Researchers at the University of California Riverside are working with a little-known class of plant hormones in hopes they can someday trick weeds in cash crop fields to germinate at a time when they harmlessly starve to death. Their work also underscores the importance of subterranean microbial populations and fungal networks.
Based on studies showing strigolactones are associated with signaling the transport of moisture and nutrients to crop roots, along with the fact they help improve build mycorrhizal fungi networks, AND trigger germination of weed seeds, UCR scientists think it may be possible provide a novel mode of action to fight chemical-resistant weeds in farm fields.
UCR plant biologist David Nelson says usually plant hormones to not “radiate externally” by being exuded through the roots at the same time they are active within the plant, but strigolactones possess this trait. They were originally identified when observations showed they aided in the germination of the weed species striga (from which they were named) in the roots of cotton plants.

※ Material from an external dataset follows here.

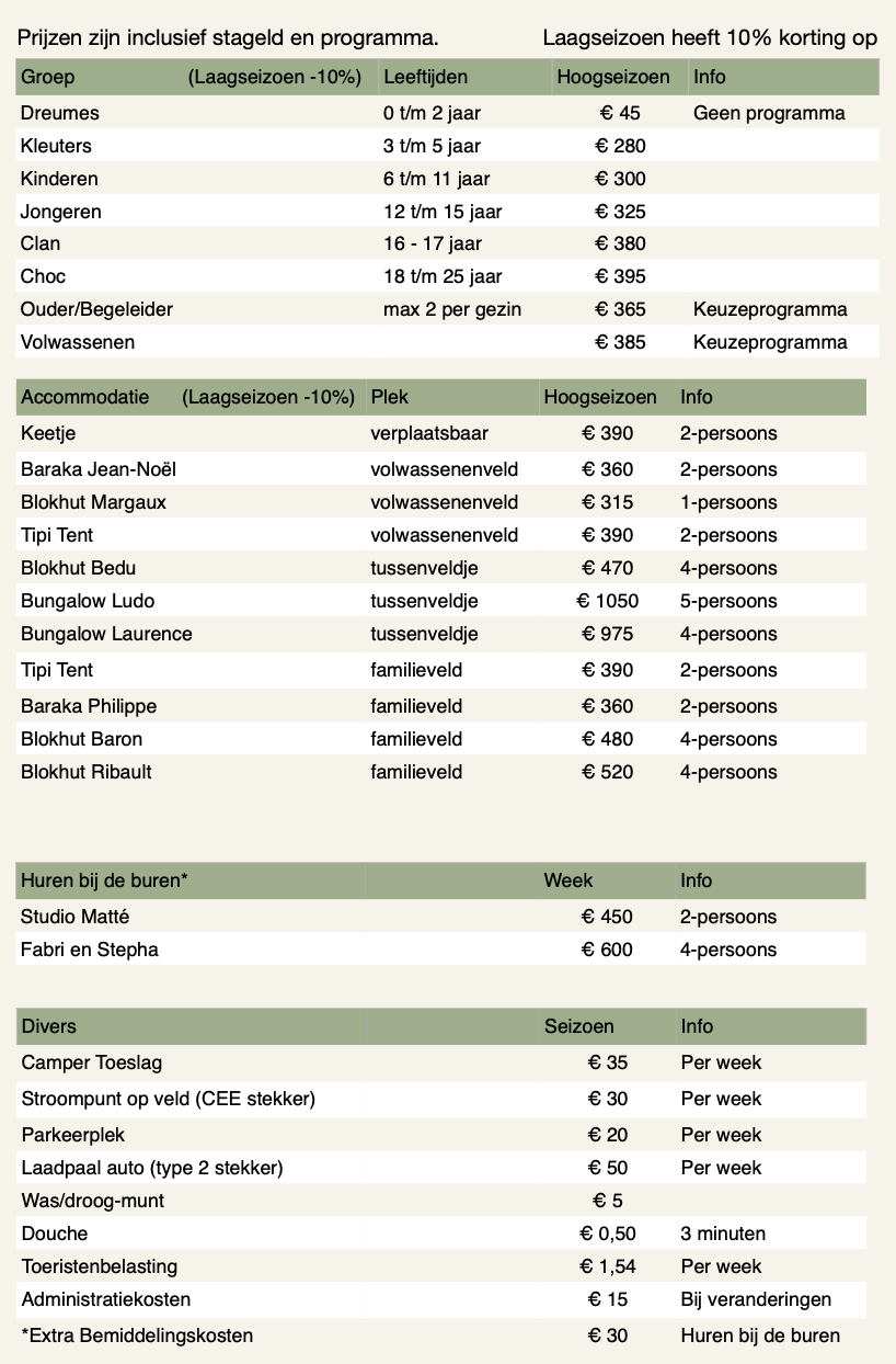 Prijzen/voorwaarden

WIPEOUT. Parasitic broomrape survives by siphoning nutrients from other plants. The pods on a single stock of it can hold thousands of seeds. In cotton, striga seeds awaken to mycorrhizal fungi activity and develop in time to hijack the nutrients of the emerging crop. (University of California Riverside photo)
In the presence of strigolactones striga seeds apparently are signaled to germinate and once that occurs the emerging striga plant invades adjacent cotton plant roots and hijacks moisture and nutrients – becoming a fierce parasitic competitor of the cotton.
“These weeds are waiting for a signal to wake up. We can give them that signal at the wrong time – when there’s no food for them — so they sprout and die,” Nelson explains. “It’s like flipping their own switch against them, essentially encouraging them to self-destruct.”
To understand strigolactones production, the research team led by Yanran Li, now with UC San Diego, developed an innovative system using bacteria and yeast. By engineering E. coli and yeast cells to function like tiny chemical factories, they recreated the biological steps necessary to produce the hormones in a controlled environment and potentially in economic quantities.
“This is a powerful system for investigating plant enzymes,” Nelson says. “It enables us to characterize genes that have never been studied before and manipulate them to see how they affect the type of strigolactones being made.”
Scientists still have questions about whether the “weed suicide” strategy will work in real-world farm-field size areas.
“We’re testing whether we can fine-tune the chemical signal to be even more effective,” Nelson says. “If we can, this could be a game-changer for farmers battling these weeds.”
The researchers say strigolactones also hold promise for medical and environmental applications suggesting they could be used as anti-viral or anti-cancer agents. Also, there’s interest in their potential role in combatting citrus greening disease which is crippling citrus production in Florida.
Evidence for No-Till
Beyond the impact the UCR research may provide on future weed control tactics, it also demonstrates the importance of seemingly-insignificant hormonal compounds in the relationship crop roots have with the rhizosphere in which they are grow. Roots affect the soil and its microbial population—which includes mycorrhizal fungi—and those in turn affect the well-being of the roots themselves and, consequently, the plant.
Soil health experts have long advocated against topsoil disturbance with plows, chisels and disks, which not only destroy soil aggregation (a product of plant exudates), but wreck the valuable mycorrhizal fungi networks which work in tandem with hormones like strigolactones to enhance plant uptake of nutrients and moisture.
Studies show nitrogen starvation enhances strigolactones production and exudation in sorghum, corn, and lettuce, suggesting that these plants depend on the fungal networks for nitrogen. In rice, sulfate deficiency also promotes strigolactones exudates which indicates the networks are likely important to sulfur acquisition.
Once such networks have been destroyed it takes a long time to rebuild them from naturally-occurring spores found on various crop and pasture plants. Eventually, if the soil is left undisturbed, the fungal networks will interconnect all plant roots in a continuous field and even between fields, explains Allen Williams of Understanding Ag.
“The biggest deficiency we see in almost all cropland and pastureland we have tested is mycorrhizal fungi which often comprise less than 3-4% of the total living microbial biomass in our soils. Greater than 90% of all the soil samples we look at are bacterially dominated (85-95%) and terribly deficient in mycorrhizal fungi.”